Jurisprudentie
AU6759
Datum uitspraak2005-11-22
Datum gepubliceerd2005-11-24
RechtsgebiedBijstandszaken
Soort ProcedureHoger beroep
Instantie naamCentrale Raad van Beroep
Zaaknummers04/441 NABW
Statusgepubliceerd
Datum gepubliceerd2005-11-24
RechtsgebiedBijstandszaken
Soort ProcedureHoger beroep
Instantie naamCentrale Raad van Beroep
Zaaknummers04/441 NABW
Statusgepubliceerd
Indicatie
Is terecht besloten de aanvraag van betrokkene om verlening van bijstand wegens teveel vermogen af te wijzen?
Uitspraak
04/441 NABW
U I T S P R A A K
in het geding tussen:
[appellante], appellante,
en
het College van burgemeester en wethouders van de gemeente Rotterdam, gedaagde.
I. ONTSTAAN EN LOOP VAN HET GEDING
Namens appellante heeft mr. L.M. Deiman, advocaat te Rotterdam, hoger beroep ingesteld tegen de uitspraak van de rechtbank Rotterdam van 16 december 2003,
reg. nr. NABW 03/406.
Gedaagde heeft een verweerschrift ingediend.
Het geding is behandeld ter zitting van 11 oktober 2005, waar voor appellante is verschenen mr. Deiman, en waar gedaagde zich niet heeft laten vertegenwoordigen.
II. MOTIVERING
De Raad gaat uit van de volgende in dit geding van belang zijnde feiten en omstandigheden.
Appellante heeft zich op 22 maart 2002 gemeld bij het CWI voor het doen van een aanvraag om bijstand ingevolge de Algemene bijstandswet (Abw).
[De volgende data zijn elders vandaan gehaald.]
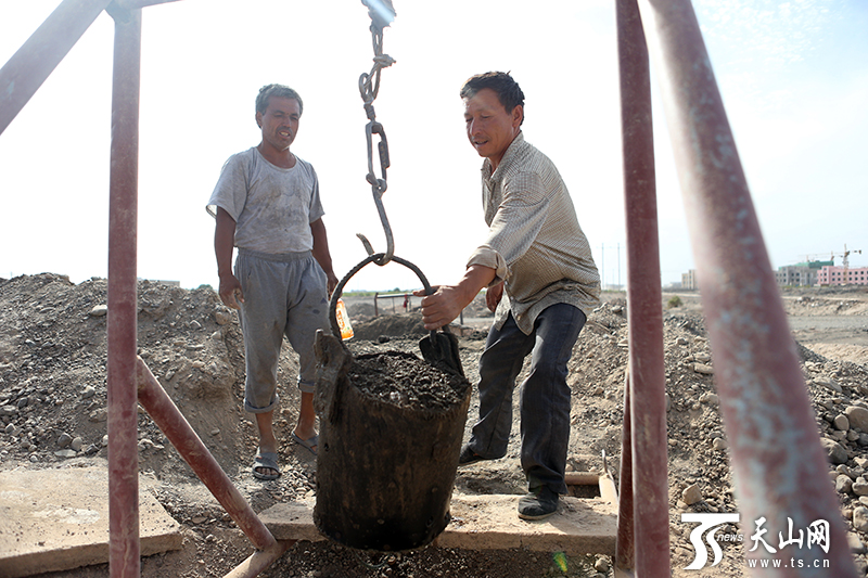 一根繩、一個(gè)桶、一輛拖拉機(jī)頭,就是庫爾班·司馬義所有的作業(yè)工具。下井時(shí),人坐在一個(gè)T形的鐵管上,用繩索固定好,一頭連著的拖拉機(jī)緩緩開動,將繩索這頭的人吊入豎井中。大約七八分鐘后,拖拉機(jī)后退,一小桶泥沙從井里升上來,庫爾班和伙計(jì)們小心地站在井口,伸手取下桶來,將泥沙倒掉又掛在繩索上,如此重復(fù)。

Op 25 maart 2002 is de aanvraag opgemaakt. Op het aanvraagformulier heeft appellante aangegeven dat zij beschikt over een rekening bij de Postbank met een positief saldo van € 11.147,40.
Bij besluit van 17 juni 2002 heeft gedaagde de aanvraag afgewezen op de grond dat appellante over vermogen beschikt boven de voor haar geldende grens van het vrij te laten vermogen. Op een bijlage bij dit besluit heeft gedaagde een indicatie gegeven voor de periode van intering op het vermogen.
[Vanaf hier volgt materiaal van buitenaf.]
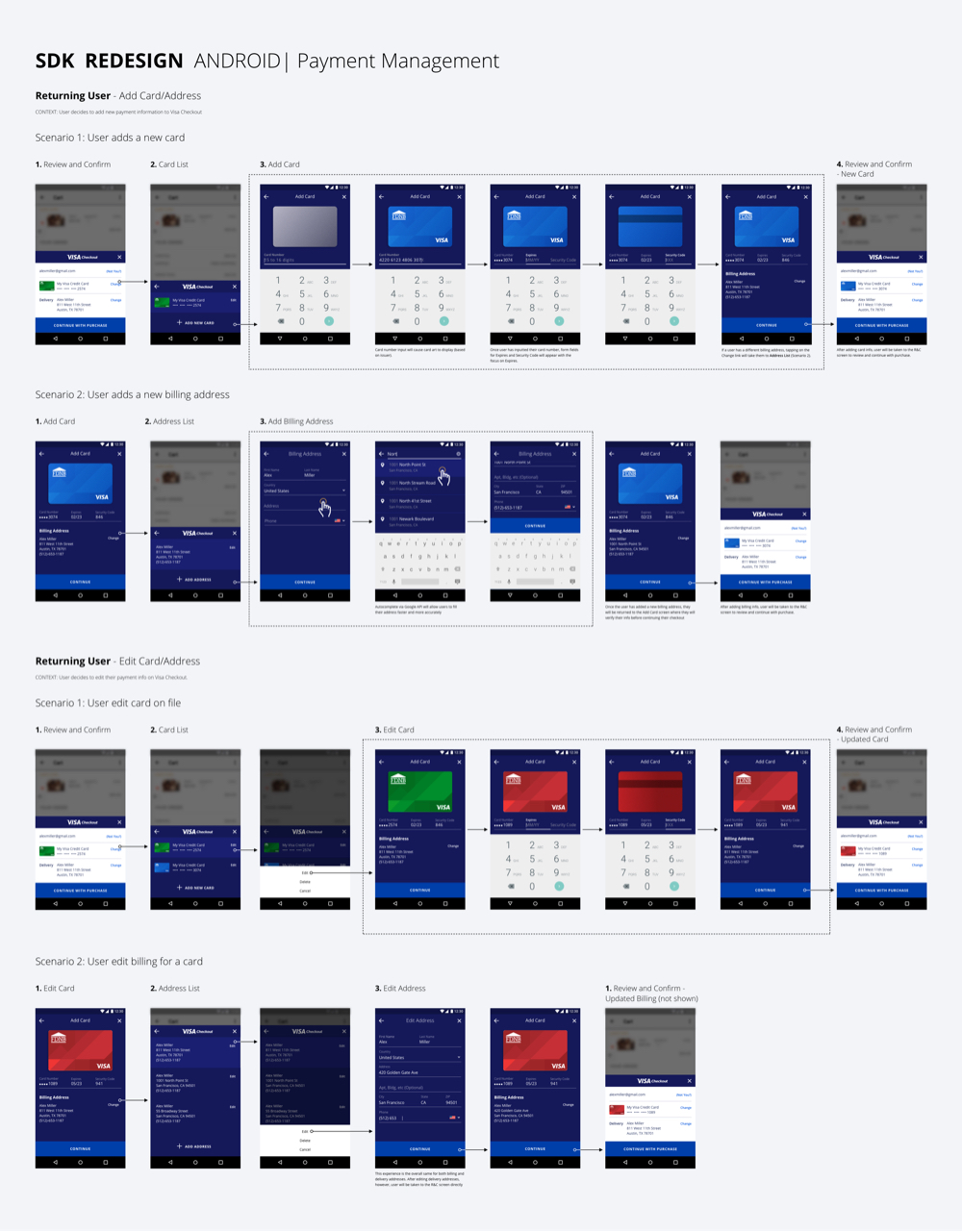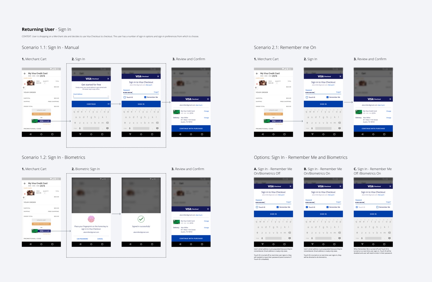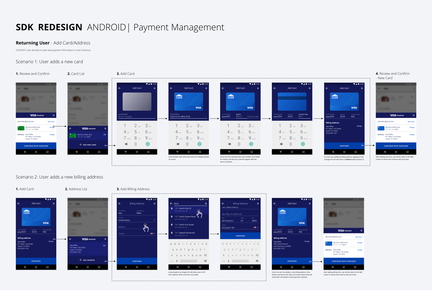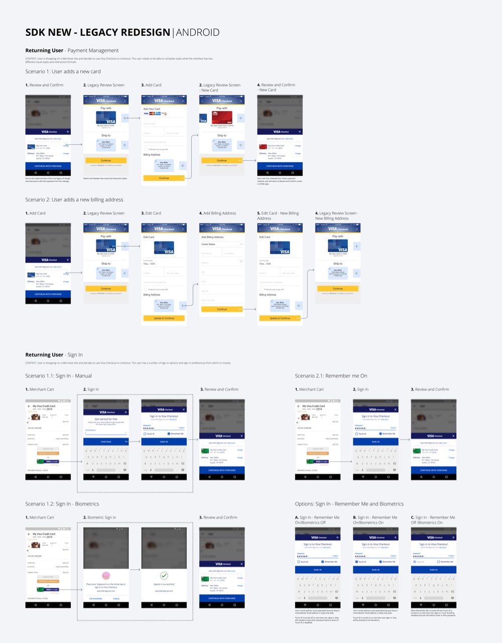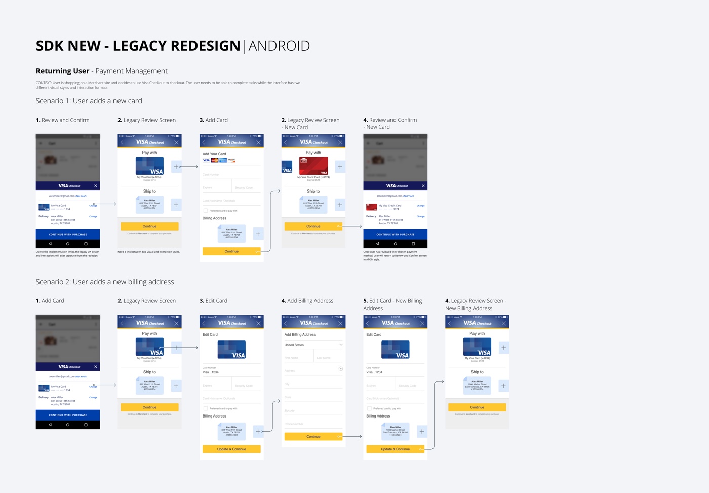 - Designing this interface while restricted by Visa Checkout legacy code base for both the user experience and visual language

Bij besluit van 19 november 2002 heeft gedaagde het door appellante tegen het besluit van 17 juni 2002 gemaakte bezwaar ongegrond verklaard.
Bij de aangevallen uitspraak heeft de rechtbank het door appellante tegen het besluit van 19 november 2002 ingestelde beroep ongegrond verklaard.
Appellante heeft zich in hoger beroep gemotiveerd tegen de aangevallen uitspraak gekeerd.
De Raad komt naar aanleiding daarvan tot de volgende beoordeling.
Ter zitting van de Raad is gebleken dat appellante haar beroepsgrond betreffende de bij het besluit van 17 juni 2002 gegeven indicatie voor de periode van intering op het vermogen niet langer handhaaft.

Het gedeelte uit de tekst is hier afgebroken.